Repeat each entry exactly, but do not carry over the pictures.

:::::

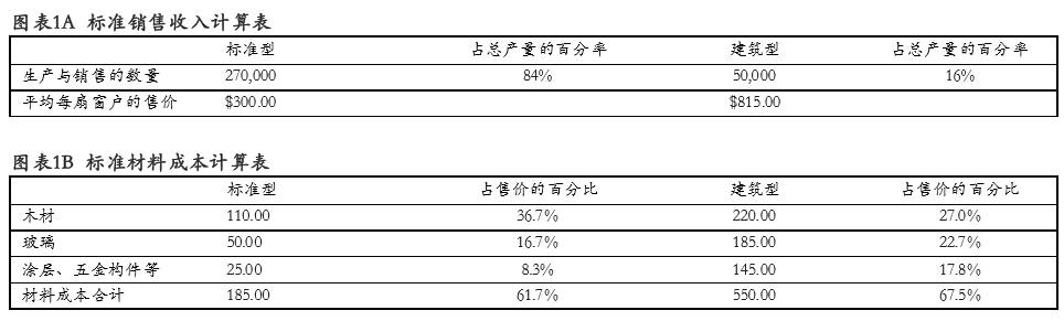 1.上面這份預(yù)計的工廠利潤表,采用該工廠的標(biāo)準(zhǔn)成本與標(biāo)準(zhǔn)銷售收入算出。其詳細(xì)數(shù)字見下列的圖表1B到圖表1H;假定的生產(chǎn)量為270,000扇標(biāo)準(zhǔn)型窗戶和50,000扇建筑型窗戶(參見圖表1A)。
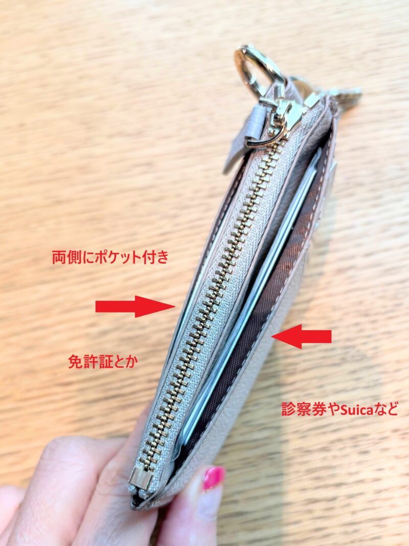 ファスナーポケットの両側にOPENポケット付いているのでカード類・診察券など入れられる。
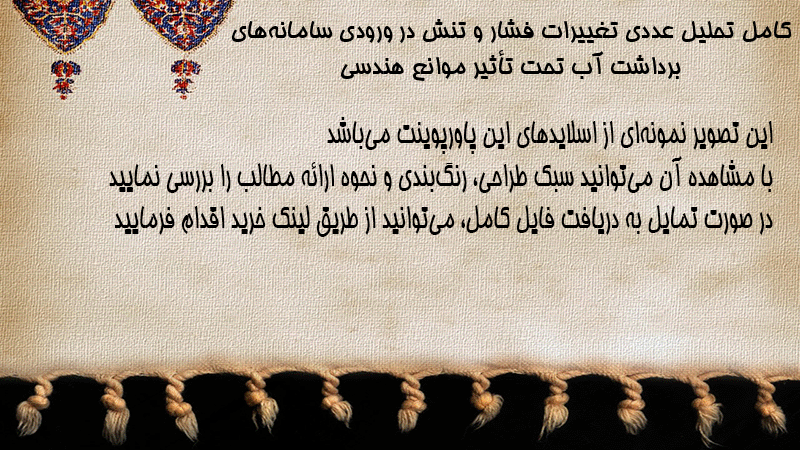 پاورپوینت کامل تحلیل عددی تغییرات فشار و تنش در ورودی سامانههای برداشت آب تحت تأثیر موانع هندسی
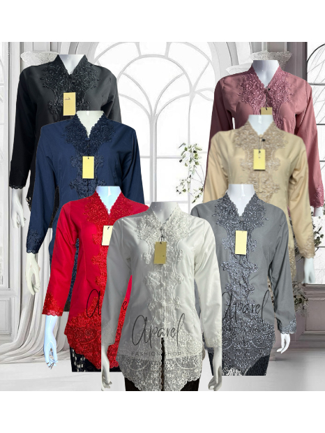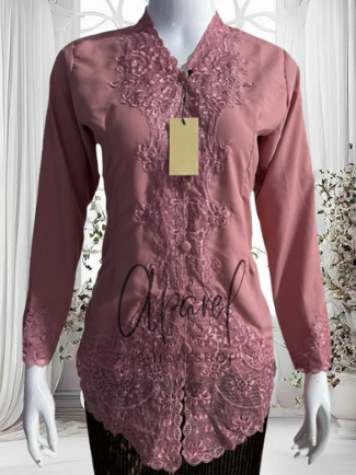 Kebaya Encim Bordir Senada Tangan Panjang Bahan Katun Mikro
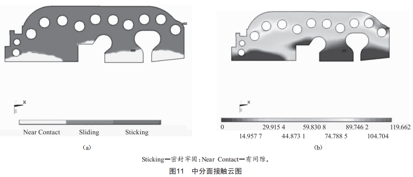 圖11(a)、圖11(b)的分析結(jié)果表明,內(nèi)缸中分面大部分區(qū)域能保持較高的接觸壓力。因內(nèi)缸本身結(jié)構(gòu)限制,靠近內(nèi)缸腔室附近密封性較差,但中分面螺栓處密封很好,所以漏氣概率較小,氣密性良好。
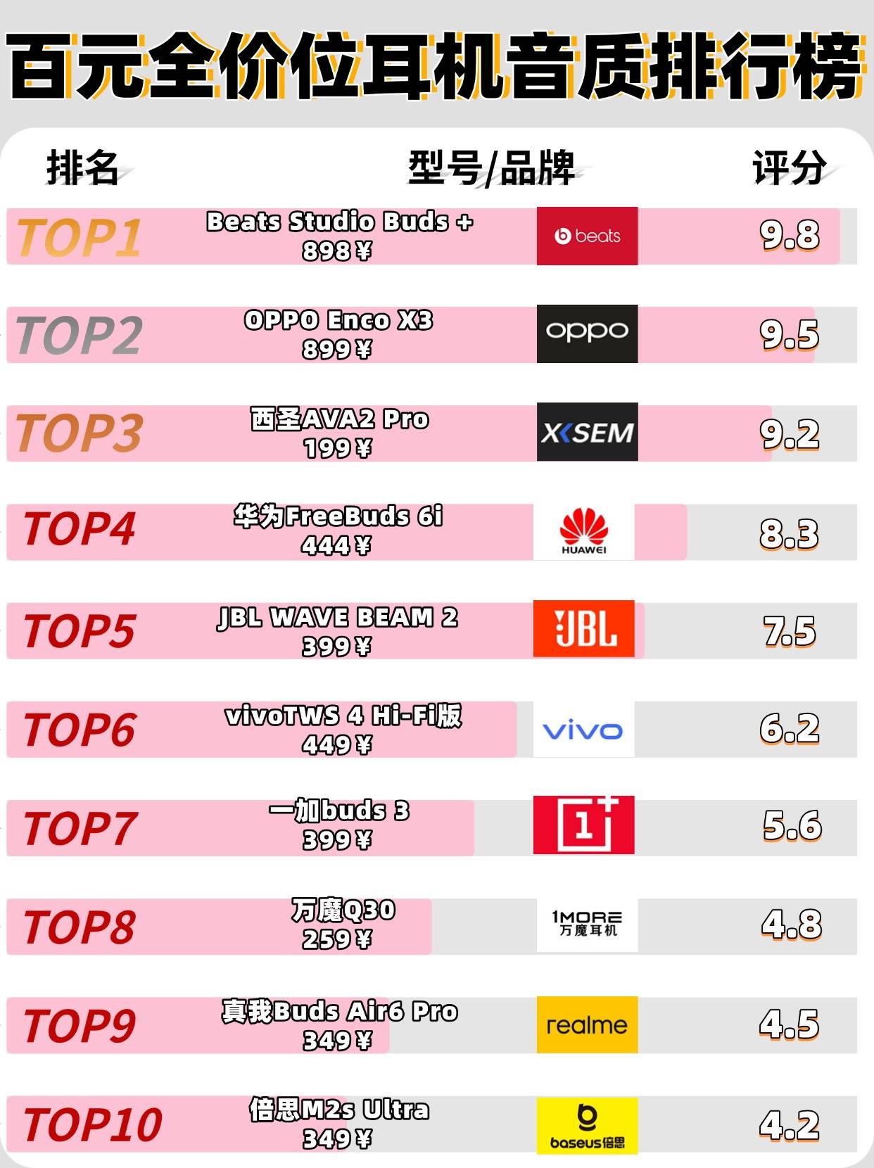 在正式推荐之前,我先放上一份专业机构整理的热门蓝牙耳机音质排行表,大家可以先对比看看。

:::::

**Expected output:**
 1.上面這份預(yù)計的工廠利潤表,采用該工廠的標(biāo)準(zhǔn)成本與標(biāo)準(zhǔn)銷售收入算出。其詳細(xì)數(shù)字見下列的圖表1B到圖表1H;假定的生產(chǎn)量為270,000扇標(biāo)準(zhǔn)型窗戶和50,000扇建筑型窗戶(參見圖表1A)。
 ファスナーポケットの両側にOPENポケット付いているのでカード類・診察券など入れられる。
 پاورپوینت کامل تحلیل عددی تغییرات فشار و تنش در ورودی سامانههای برداشت آب تحت تأثیر موانع هندسی
 Kebaya Encim Bordir Senada Tangan Panjang Bahan Katun Mikro
 圖11(a)、圖11(b)的分析結(jié)果表明,內(nèi)缸中分面大部分區(qū)域能保持較高的接觸壓力。因內(nèi)缸本身結(jié)構(gòu)限制,靠近內(nèi)缸腔室附近密封性較差,但中分面螺栓處密封很好,所以漏氣概率較小,氣密性良好。
 在正式推荐之前,我先放上一份专业机构整理的热门蓝牙耳机音质排行表,大家可以先对比看看。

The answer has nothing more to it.